### The task
What you return should match the material below line for line, except that no image appears in it.

### Data
= Beginning of Section =

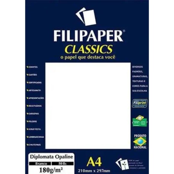 Papel 180gr Diplomata/Opaline Branco A4 C/50 Folhas FILIPAPER
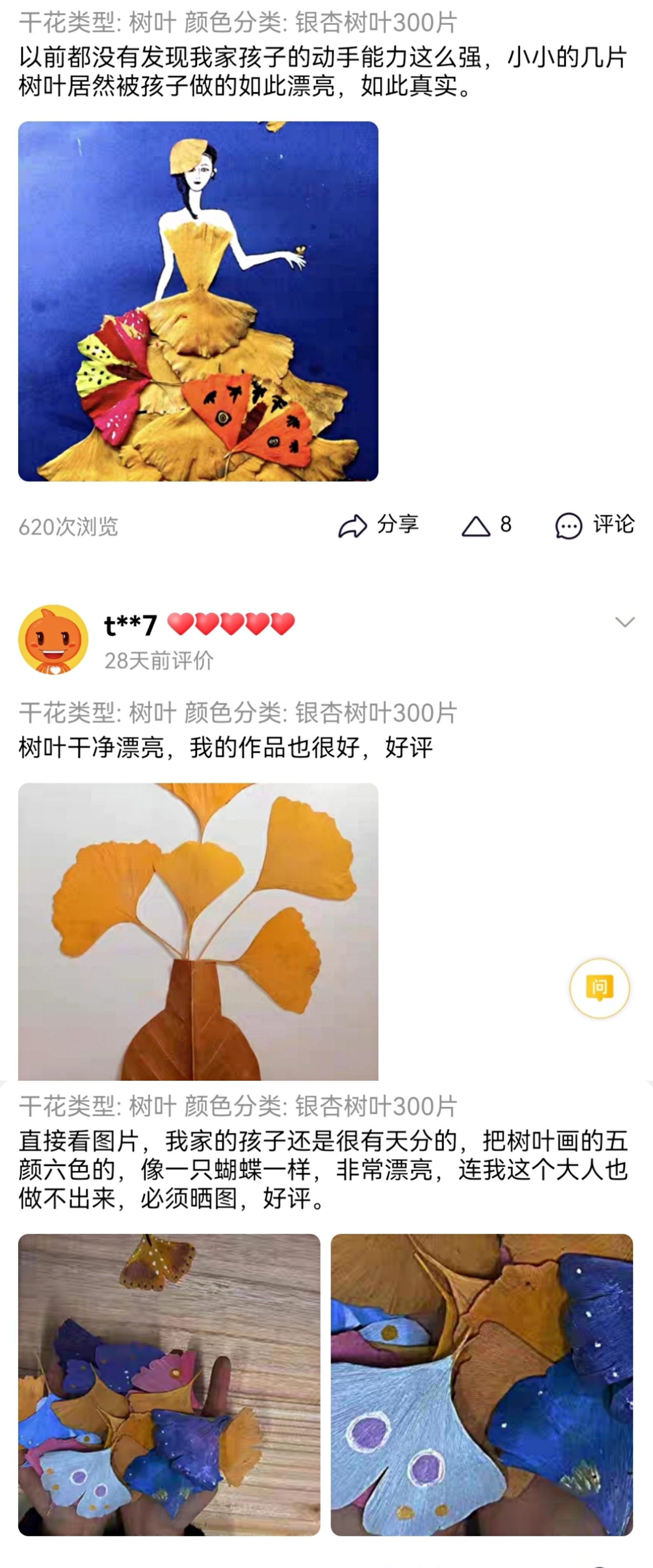 20片银杏叶售价10元,300片银杏叶售价100,1000片银杏叶售价193元,4000片银杏叶售价207元……点开专门售卖银杏叶标本的商铺,评论区里,网友们表达了对于这种销售方式的感慨以及自己没有这种商业头脑的遗憾。记者看到,许多买家会将买来的银杏叶作为和孩子互动的礼物:共同在银杏叶上绘画或者利用银杏叶做手工。
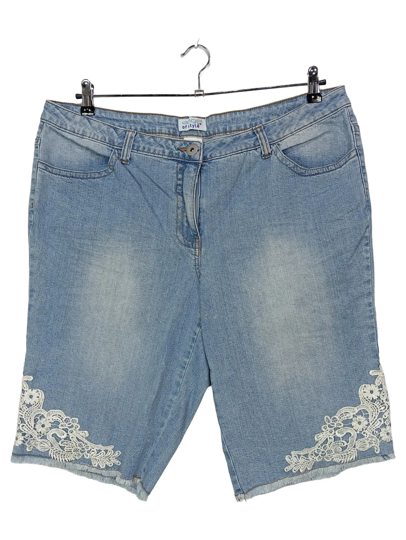 ANGEL OF STYLE Damen Jeans Shorts Bermuda Spitze Gr. 48 Blau

= End of Section =

### Task response
 Papel 180gr Diplomata/Opaline Branco A4 C/50 Folhas FILIPAPER
 20片银杏叶售价10元,300片银杏叶售价100,1000片银杏叶售价193元,4000片银杏叶售价207元……点开专门售卖银杏叶标本的商铺,评论区里,网友们表达了对于这种销售方式的感慨以及自己没有这种商业头脑的遗憾。记者看到,许多买家会将买来的银杏叶作为和孩子互动的礼物:共同在银杏叶上绘画或者利用银杏叶做手工。
 ANGEL OF STYLE Damen Jeans Shorts Bermuda Spitze Gr. 48 Blau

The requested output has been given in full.